I've been working on something similar.

https://github.com/fogleman/pg

Here are a couple of things I've created using it so far, beyond what's in the pg examples folder:

http://www.michaelfogleman.com/hirise/

http://www.michaelfogleman.com/gps/


it looks cool but it takes the control of the main loop, no ? The ability to integrate an OpenGL scene in another framework in critical.


I knew I liked vispy after I spent some time to write this Mandelbrot set example [1]. I only knew a little bit of OpenGL, and it took me less than a day to understand vispy's API and create it. This was also before the new scenegraph functionality was rolled out (the example is based on the core app and gloo modules).

The core development team is very receptive to issues and pull requests. They all also have experience building their own Python visualization libraries, so it's exciting to see how their ideas synthesize into vispy features.

[1] http://vispy.org/examples/demo/gloo/mandelbrot.html


Anyone know how this compares to Mayavi?

Is it targeting different use cases, or just higher performance, or ...?


Vispy dev here. Mayavi/VTK are mature, very powerful and feature-complete. Vispy is not even close to offer the same amount of functionality. But eventually, we hope it will.

The low-level OpenGL interfaces in Vispy are now relatively solid, and are the foundations of higher-level, more abstract graphical interfaces we are currently developing (similar to VTK and Mayavi). Our goal is to let scientists easily create fast interactive visualizations in 2D and 3D without any knowledge of OpenGL.

Here is a very early example of these higher-level interfaces: http://vispy.org/examples/basics/scene/surface_plot.html We also have started to work on an OpenGL backend for matplotlib.

Finally, a few remarks:

* Vispy focuses on performance and big datasets (with tens of millions of points or more) with minimal memory footprint (using NumPy)

* Vispy is pure Python and depends just on NumPy, basically. VTK is a heavy C++ library, sometimes complicated to install.


Mayavi is based on VTK, which is a C++ toolkit for data visualization. It's both an advantage and a drawback, depending on your needs. The good thing is that VTK is solid and if you're familiar with the concepts, it can be powerful, but it's also somewhat complex. On the other hand, the python (traits) wrapper around VTK that mayavi is built upon adds another layer of abstraction and changing things that aren't directly exposed by mayavi is difficult.

From a quick look, vispy seems to be built directly on OpenGL and numpy, so I think it will be easier to customize. But the devs will have to rewrite a lot of what VTK provides. It also aims at providing an integration in ipython notebook (with WebGL), which is awesome :)


A lot of time was spent fleshing out the core "gloo" module, which is an object-oriented abstraction of OpenGL. If you know OpenGL, you can create very high performance visualizations.

There is currently a lot of work on fleshing out the vispy.scene module, which will add more high-level interfaces for plotting data.

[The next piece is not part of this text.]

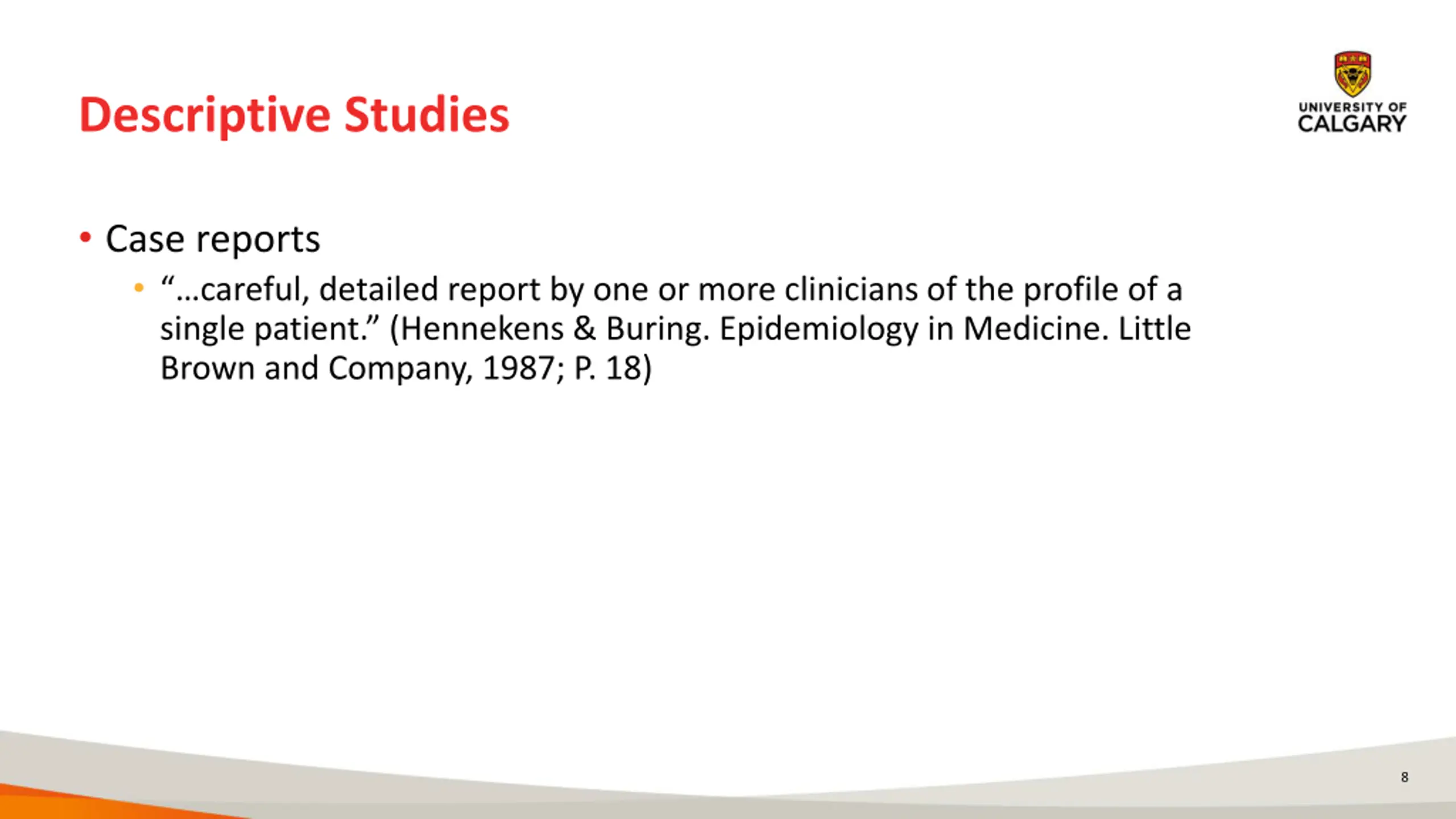 Descriptive Studies Case reports careful, detailed report by one or more clinicians of the profile of a single patient. (Hennekens & Buring. Epidemiology in Medicine. Little Brown and Company, 1987; P. 18) 8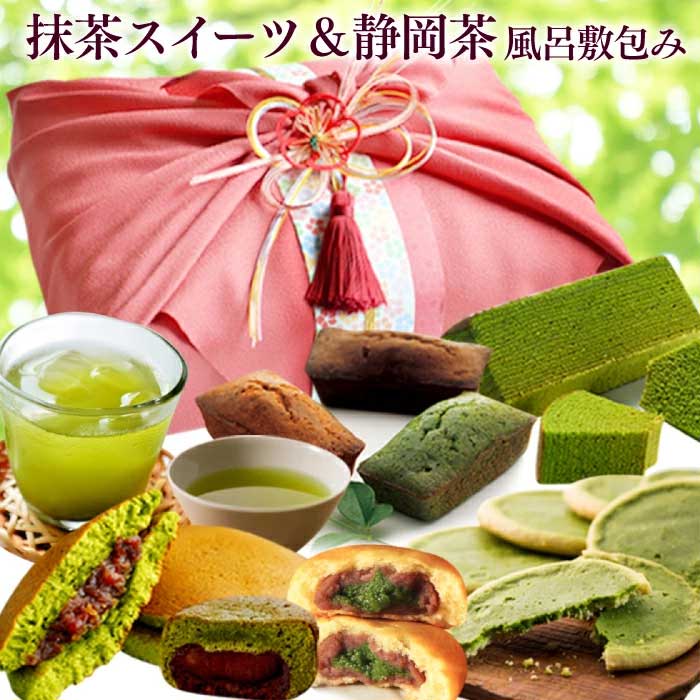 【送料込】竹かご風呂敷ギフト-白鳥-(抹茶スイーツ4種詰め合わせ)

I was wondering the same. Mayavi seems more abstracted vs this is has more low-level opengl guts exposed


Vispy is what's been missing in the scientific python ecosystem, in my opinion. I've been watching the project closely for a good while, glad to see this release and will try it out as soon as possible.


There was an excellent VisPy talk at EuroSciPy, not sure if Enthought has already put the video on youtube. The team behind VisPy is excellent, and they are doing really good work of making OpenGL usable from a high level language.

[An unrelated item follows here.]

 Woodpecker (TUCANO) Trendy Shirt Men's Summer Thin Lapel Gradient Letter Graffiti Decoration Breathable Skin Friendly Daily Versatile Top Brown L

Gloo looks like a superior alternative to the clunky pyopengl package.

Do you plan to distribute it separatly in the future?

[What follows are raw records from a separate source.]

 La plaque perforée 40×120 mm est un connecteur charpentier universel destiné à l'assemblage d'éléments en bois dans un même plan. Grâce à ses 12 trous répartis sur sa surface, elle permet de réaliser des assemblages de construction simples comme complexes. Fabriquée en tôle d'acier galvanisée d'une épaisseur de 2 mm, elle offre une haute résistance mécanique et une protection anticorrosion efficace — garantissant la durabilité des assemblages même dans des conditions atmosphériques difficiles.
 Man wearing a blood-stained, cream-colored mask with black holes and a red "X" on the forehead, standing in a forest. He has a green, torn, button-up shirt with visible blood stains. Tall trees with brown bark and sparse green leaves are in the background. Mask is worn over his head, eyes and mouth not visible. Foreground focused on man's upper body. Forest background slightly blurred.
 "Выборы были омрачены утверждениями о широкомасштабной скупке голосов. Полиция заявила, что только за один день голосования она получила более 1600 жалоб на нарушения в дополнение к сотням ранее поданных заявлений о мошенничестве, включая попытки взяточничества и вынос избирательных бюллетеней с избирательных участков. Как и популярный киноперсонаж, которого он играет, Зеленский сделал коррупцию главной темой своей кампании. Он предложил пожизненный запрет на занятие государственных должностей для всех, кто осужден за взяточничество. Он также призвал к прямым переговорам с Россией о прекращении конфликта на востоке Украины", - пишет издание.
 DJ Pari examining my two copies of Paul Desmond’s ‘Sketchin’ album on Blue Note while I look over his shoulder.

That's something we've been considering, indeed. Especially given that we now ship our own OpenGL wrapper with ctypes.

In the meantime, you can just install vispy and import vispy.gloo: nothing else will be imported. The dependencies are the same (just NumPy).

FYI, although gloo's interface is now relatively stable, we're likely to change its internals very soon. This should lead to a cleaner, smaller, and more robust code base for gloo. There will be virtually no change for the user.